INSTRUCTIONS TO FOLLOW
Everything from the line that contains "Woman judge in" to the final line of the data, both ends included, must be set down exactly, apart from the pictures.

***

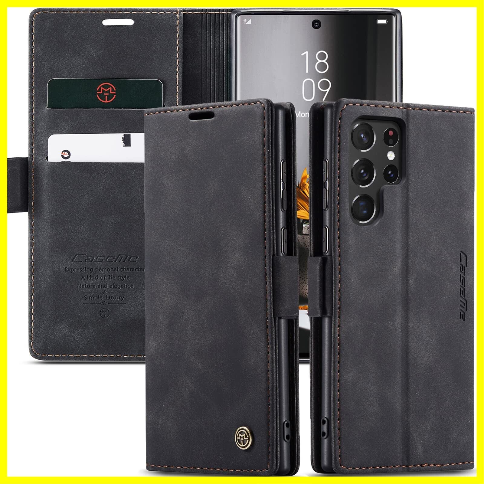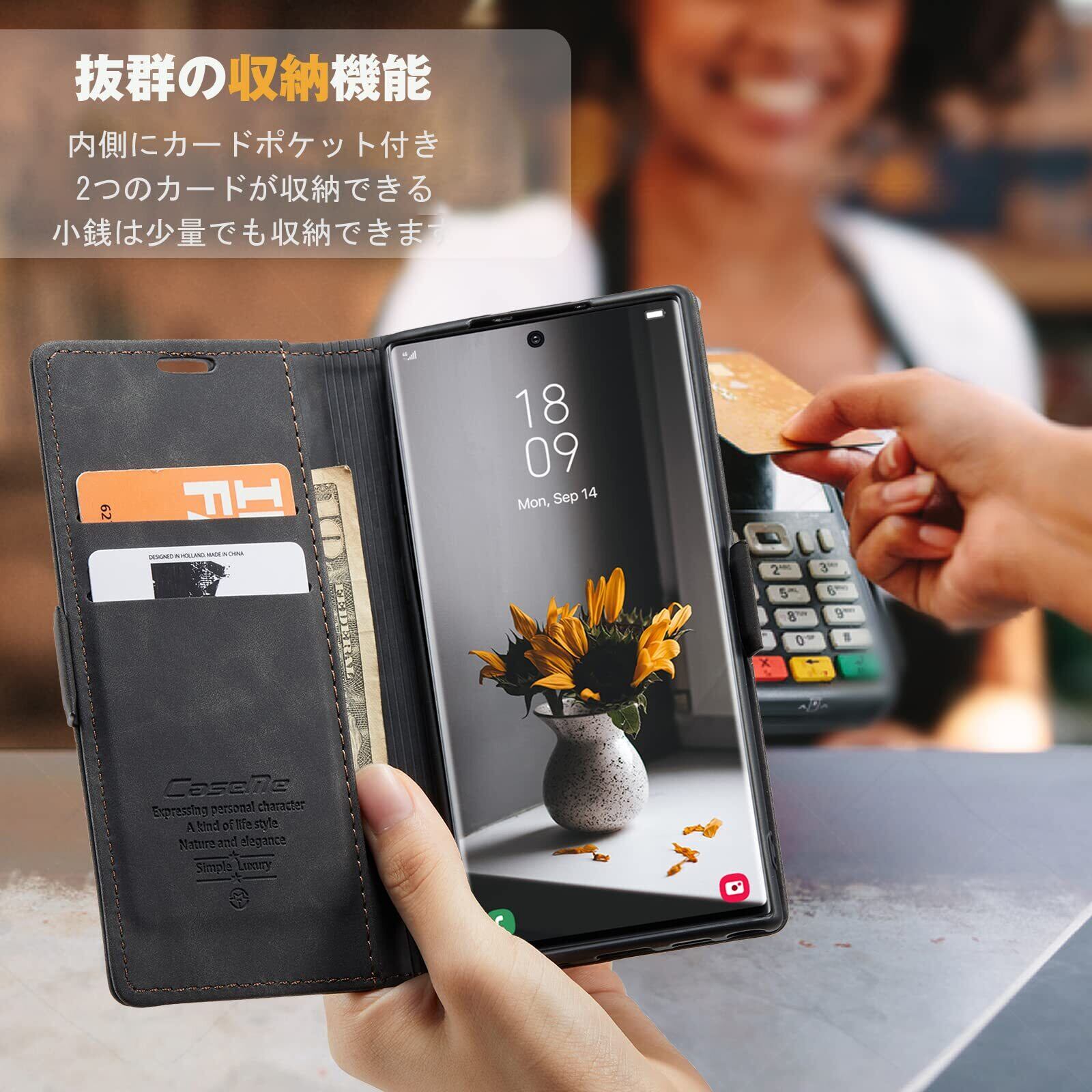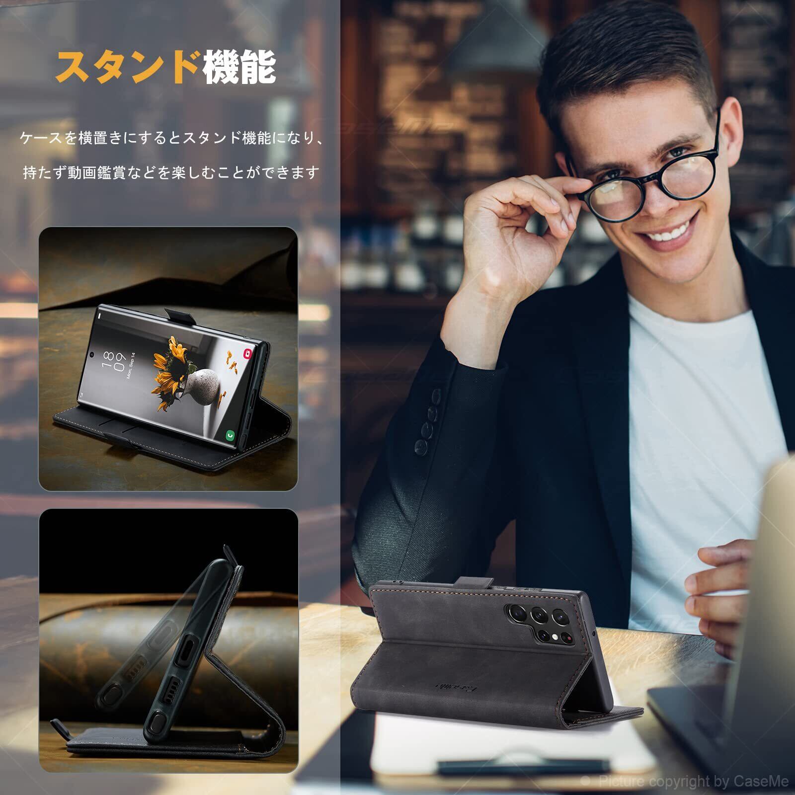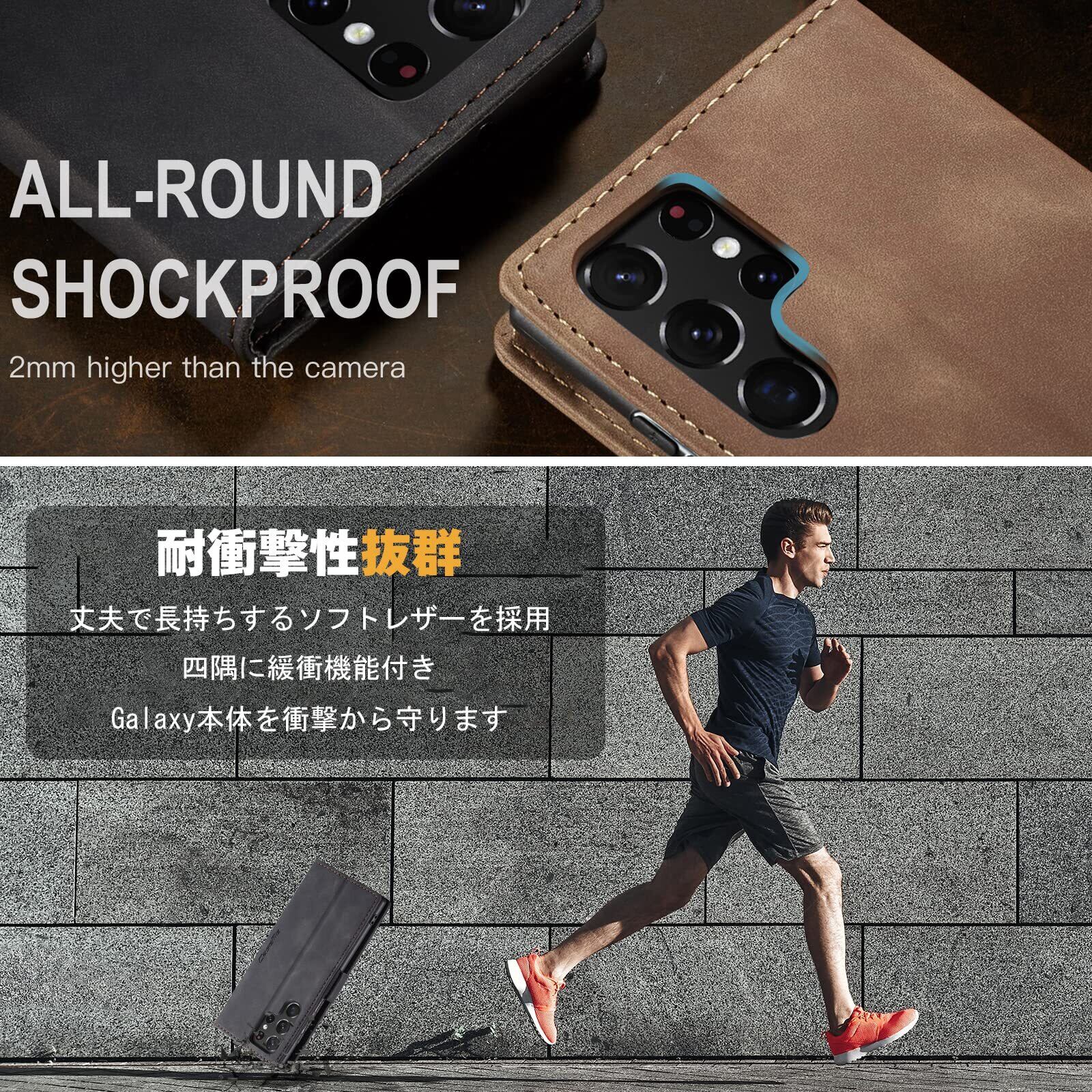 Galaxy S22 Ultra ケース 手帳型 Samsung ギャラクシー S22ウルトラ / SC-52C / SCG14 用 カバー OURJOY スマホケース 財布型 カード収納 横開き レザー TPU 耐衝撃 携帯カバー 横置き機能 マグネット式 おしゃれ ・ ブラック
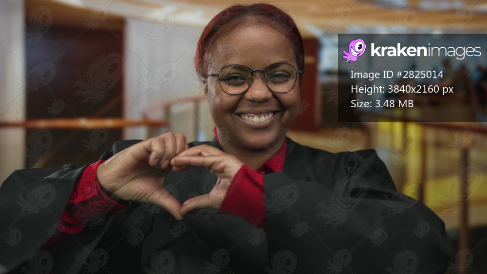 Woman judge in black robe shapes a heart with hands in hotel building lobby for supportive gesture; love.
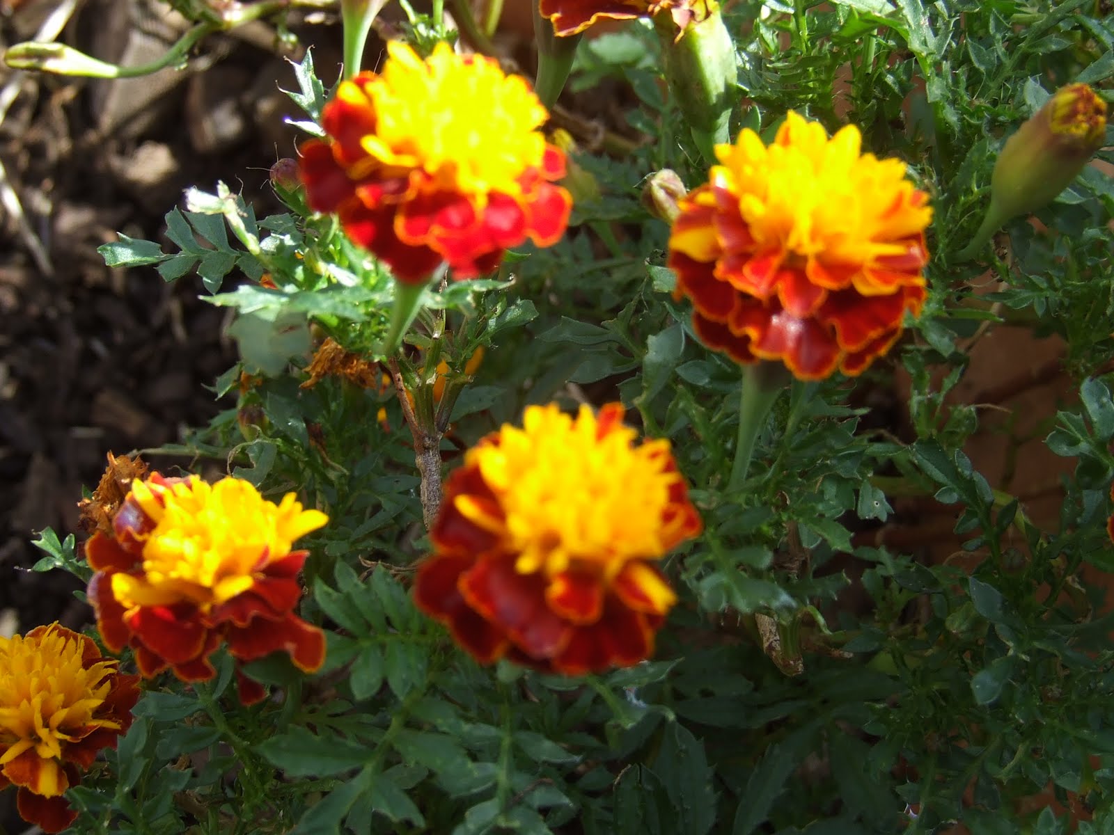 My lovely marigolds which is one of my favourite flowers. This variety has been self seeding in the same pot for three years running and is now sprouting seedlings for a fourth season. A sprinkle of blood and bone each spring, and they go crazy and bloom for most of the year.
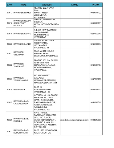 S.NO. NAME ADDRESS E-MAIL PH.NO.
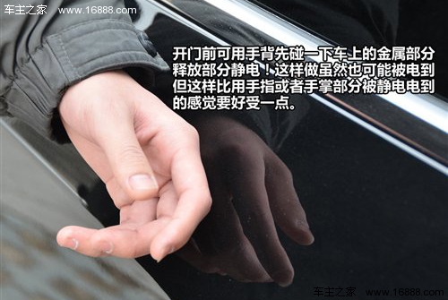 在開車前洗手,或者把手放在墻上抹一下也可以消除靜電。當然如果您受到條件所限時,也可以用手在車上拍一下放完電后再開車門,相比手指接觸汽車表面,雙手直接附上去可擴大接觸面積,減弱放電時帶來的不適感。

***

RESPONSE TO THIS TASK
 Woman judge in black robe shapes a heart with hands in hotel building lobby for supportive gesture; love.
 My lovely marigolds which is one of my favourite flowers. This variety has been self seeding in the same pot for three years running and is now sprouting seedlings for a fourth season. A sprinkle of blood and bone each spring, and they go crazy and bloom for most of the year.
 S.NO. NAME ADDRESS E-MAIL PH.NO.
 在開車前洗手,或者把手放在墻上抹一下也可以消除靜電。當然如果您受到條件所限時,也可以用手在車上拍一下放完電后再開車門,相比手指接觸汽車表面,雙手直接附上去可擴大接觸面積,減弱放電時帶來的不適感。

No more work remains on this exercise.